Thursday, November 15, 2012

I'm a farmer. If I lose my farm there must be a reason for it. The sacrifice of one poor village - what will it accomplish?

Edge of Darkness (1942) is a film that can be downright heartbreaking at times.

It’s set in a small fishing village in occupied Norway. The people are just people—they fish, work in the cannery or run small shops. They want to resist the Nazis, but don’t have the resources to do anything beyond a few minor acts of sabotage. There are some—such as the town doctor played by Walter Huston—who just want to wait it out and avoid getting everyone unnecessarily killed.

Then they learn that the British will be smuggling in guns and ammo. The plan is to arm a number of villages along the Norwegian coast, then launch a general uprising. But this must be done according to plan. The villagers must wait until the right moment before they fight.

But several acts of brutality by the Germans might anger them enough to rise up too soon.

What makes all this work so well—to resonate with so much effective emotion—is how average and normal the villagers are. Their leader is a fisherman played by Errol Flynn and he’s not average, of course. Whenever Flynn is on the screen—no matter when and where the movie is set—you always expect a sword fight to break out at any moment.

But that works fine in context to the film—he’s the leader because he’s above average.
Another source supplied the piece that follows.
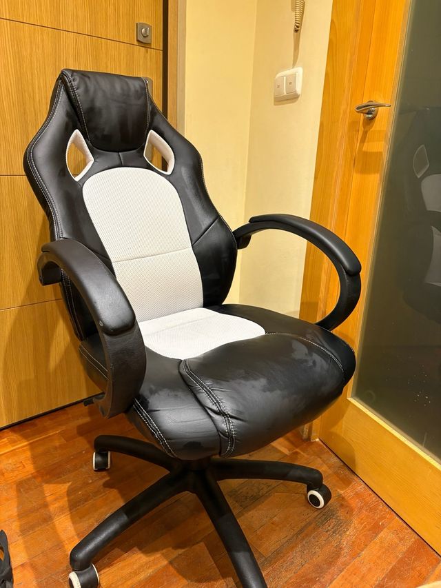 Silla de estilo gaming con ruedas. se encuentra en buen estado, solo tiene el arañazo mostrado detrás

But everyone else is just normal, everyday guys and gals who are essentially now living in a hell on earth. They don’t look and act like soldiers—they look and act like fisherman and shopkeepers who are struggling to figure out what they should do next.
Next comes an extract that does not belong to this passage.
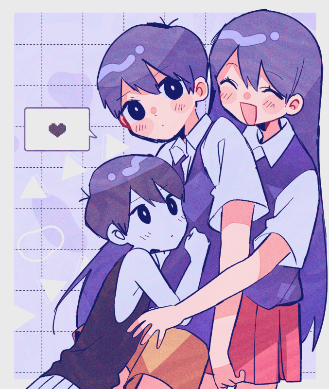 1girl 2boys antenna_hair arm_at_side bare_shoulders black_eyes black_tank_top blush border bright_pupils brother_and_sister closed_eyes closed_mouth collared_shirt colored_skin dual_persona grey_border grid_background hair_between_eyes heart leaning_on_person long_hair looking_at_another looking_at_viewer mari_(headspace)_(omori) mari_(omori) multiple_boys omori omori_(omori) open_mouth orange_shorts purple_background purple_hair purple_sweater_vest red_skirt shirt short_hair short_sleeves shorts siblings skirt sleeveless smile spoken_heart striped_clothes striped_shorts sunny_(omori) sweater_vest tank_top vertical-striped_clothes vertical-striped_shorts white_pupils white_shorts white_skin yuusuke-kun

There’s a scene in which most of the townspeople are meeting in church. The pastor is on the pulpit, making it look like they’re having a regular church service if a German looks in. But a man sitting in one of the pews is doing the talking, telling them about a village that rose up against the Nazis and was wiped out.

So what should they do? One man thinks it’s always wrong to kill. Others think that fighting would be senseless and only get their families killed. Others think they must fight no matter what, but when and how to fight is open to further debate.

This is a war-time film, so in the end it takes the side of those who want to fight. And, of course, history has justified this—the irony being that the Nazis turned out to be even more brutal than they were portrayed in propaganda films such as this.

But during that church scene, everyone is given their say. There’s no derision or condemnation of those who don’t want to fight. The film seems to understand how difficult a decision this is for the townspeople—how much courage it would take to pick up a weapon and charge a machine gun nest full of trained soldiers. Edge of Darkness represents people who want a free society and it remembers that in such a society people are allowed to have different opinions and debate with each other.

There’s not a lot of action in the film until the climax—the film effectively uses character moments to help build up the tension. The running time is just under two hours, but the various characters all get sufficient time for us to get to know them and to like them.

Little moments of dialogue are used with laser-like precision to define individual characters. During the climatic battle, for instance, a maid who has always been deferential to her employer is told that the women and children are being evacuated to England. “The women with children are going,” she replies. “I’m staying to fight.”   Then she adds a modest apology for speaking above her social station. But, by golly, she stays and fights.

The film does such a great job of getting us to like the villagers that the climatic battle is actually a little painful to watch. There’s no punches pulled here—people we’ve gotten to know and like are being killed and we actually hate it when we watch them die.

I have a real love for the war-time films. I recognize them as propaganda as well as entertainment, but I think the message they preached about confronting evil is a moral and still important one. Edge of Darkness is one of the best of these because it is very intelligent and very, very human in the way it makes its point.